> YOUR TASK
Once you reach the line containing "第四項:重溫入黨誓詞。由黨支", return it and every line after it exactly, through the end of the records below, with no pictures.

> PROVIDED RECORDS
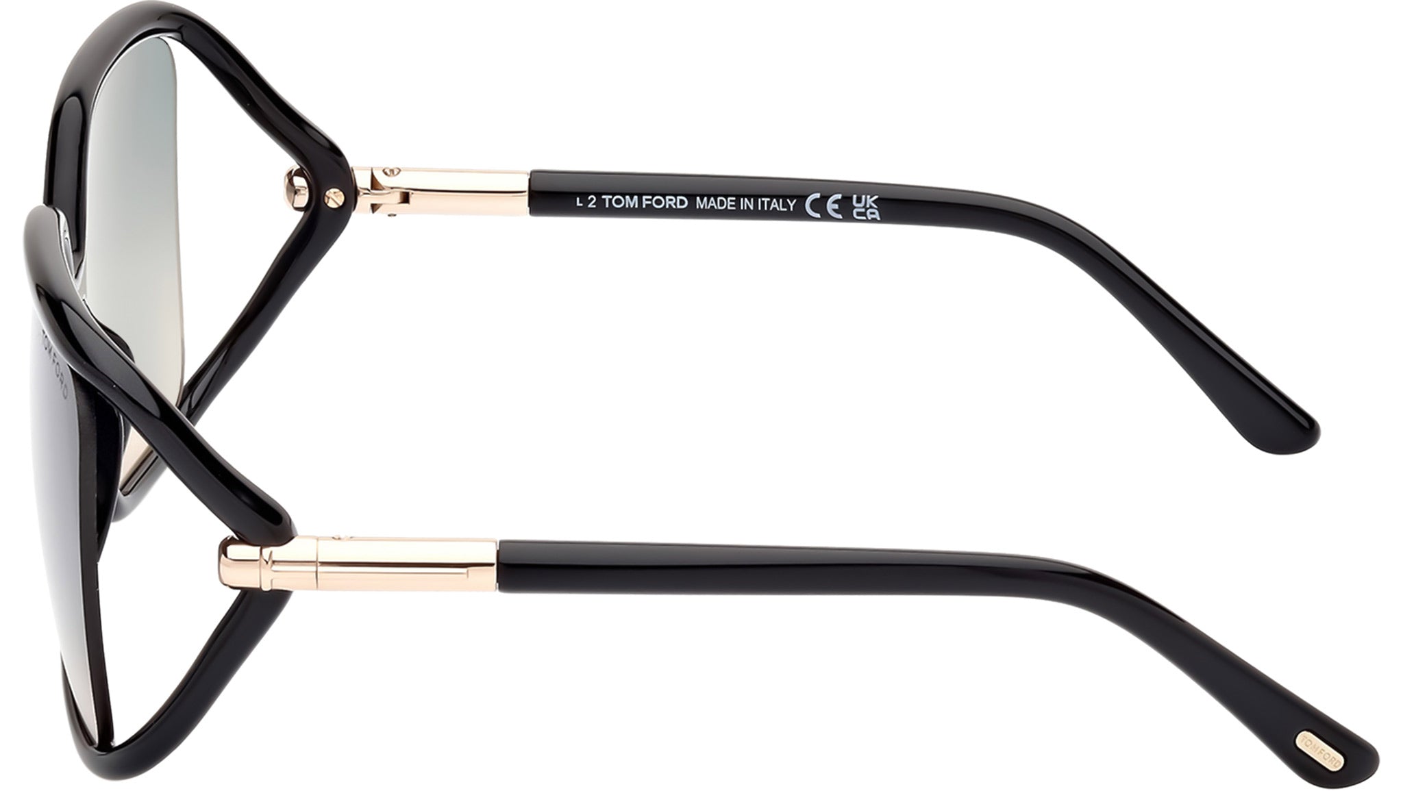Occhiali da sole Tom Ford donna modello Solange-02 FT1089 in inietatto nero lucido con lenti color verde sfumato. Codice brand: 1089. Codice colore: 01P. Rivenditore autorizzato Tom Ford online. Gli occhiali vengono consegnati con custodia e accessori originali e sono coperti da garanzia standard di 12 mesi del produttore.
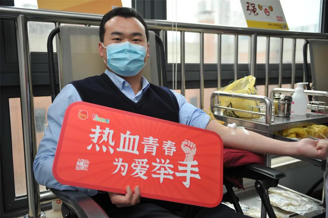 杨浦团区委秦恒书记带领机关11位党员来到献血现场撸袖无偿献血。团区委在疫情防控期间,鼓励全区团干部、团员青年在特殊时期挺身而出,倡议青年们加入到“赤诚青春,为爱举手”行动中来,捐献热血。团区委党员干部们身先士卒,化身“热血蒙面侠”展现赤诚青春风采。
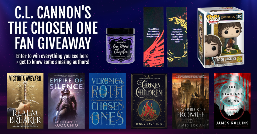 Print copies of Realm Breaker by Victoria Aveyard, Empire of Silence by Christopher Ruocchio, Chosen Ones by Veronica Roth, Chosen Children by Jenny Raveling, The Silverblood Promise by James Logan, & The Starless Crown by James Rollins + A Frodo Baggins Funko Pop, One More Chapter candle, and Red Rising Bookmark set!
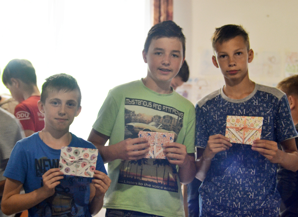 Для дзяцей загадзя падрыхтаваная дэкаратыўная папера з прыгожым малюнкам. Кожны выбірае сабе ліст, які яму даспадобы. Заданне такое: на адваротным баку трэба ўмоўна падзяліць ліст на тры часткі; на першай частцы напісаць пра свае ўражанні, пра дарагія сэрцу моманты падчас адпачынку, на другой частцы трэба намаляваць найбольш яркі ўспамін з рэкалекцый; а на трэцяй частцы ліста твае сябры пішуць табе прыемныя словы, камплементы. Дзеці ахвотна выконваюць заданне, усе радасна пакідаюць запісы на лістках сяброў. А самае галоўнае — з гэтага ліста паперы мы робім прыгожы канверт на памяць.
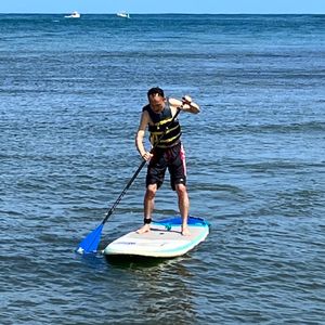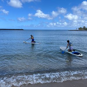 SUPは私も妻も初めてでしたが、漕ぎ方のコツなども教えていただけたので二人とも早い段階で立ちながら漕ぐことができました。十分にSUPを楽しんだ後、ハレイワの街の散策もできました。インスタで話題になっており、行ってみたいと思っていたマツモトシェイブアイスのかき氷を食べて、スヌーピーのショップでノースショア仕様のお土産も買うことができ、ハレイワでしかできない貴重な体験ができました!ランチでいただいたガーリックシュリンプとハンバーガーもとても美味しく大満足です。ガイドのカズさんがハワイについて色々とオススメの場所などを教えてくださってハワイ初心者の私たちにはとてもありがたかったです。1つのツアーでSUPからランチ、散策まで楽しめて大満足です。貴重な体験をさせていただいてありがとうございました!
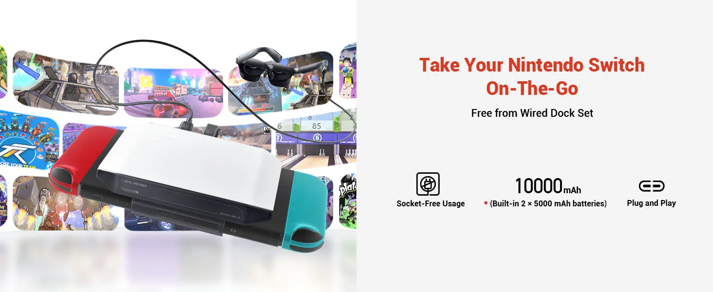 - PORTABLE POWER FOR SWITCH: (Built-in 2 × 5000 mAh batteries) Embrace the freedom of portable gaming with JoyDock – no wired dock required. Offers reverse charging for your Nintendo Switch with a built-in 10,000mAh battery.
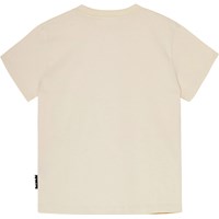 Off-white T-shirt in organic cotton with short sleeves, a round neckline, and ribbed trim at the neck. It has a regular fit and a placement print on the front. The print shows a rhinoceros on the savannah at sunset. It may be looking for a little snack.
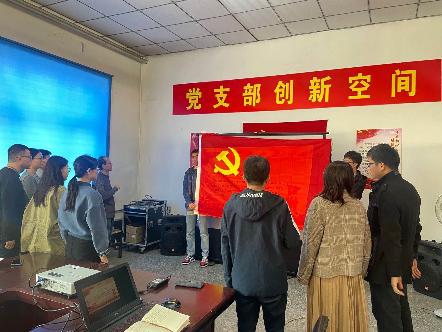 第四項:重溫入黨誓詞。由黨支部書記領(lǐng)誓,支部全體黨員在黨旗下重溫入黨誓詞。
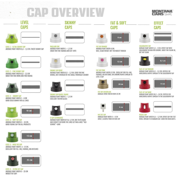 Montana Cans udviklede fedthætten GOLD/BLACK som den bredeste sprøjtehætte til specifik graffitibrug. På det tidspunkt troede vi, at vi havde opfundet hjulet.
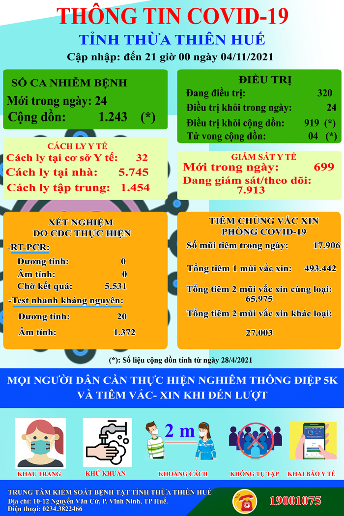 Thông tin Covid-19 tỉnh Thừa Thiên Huế ngày 04/11/2021

> EXERCISE ANSWER
 第四項:重溫入黨誓詞。由黨支部書記領(lǐng)誓,支部全體黨員在黨旗下重溫入黨誓詞。
 Montana Cans udviklede fedthætten GOLD/BLACK som den bredeste sprøjtehætte til specifik graffitibrug. På det tidspunkt troede vi, at vi havde opfundet hjulet.
 Thông tin Covid-19 tỉnh Thừa Thiên Huế ngày 04/11/2021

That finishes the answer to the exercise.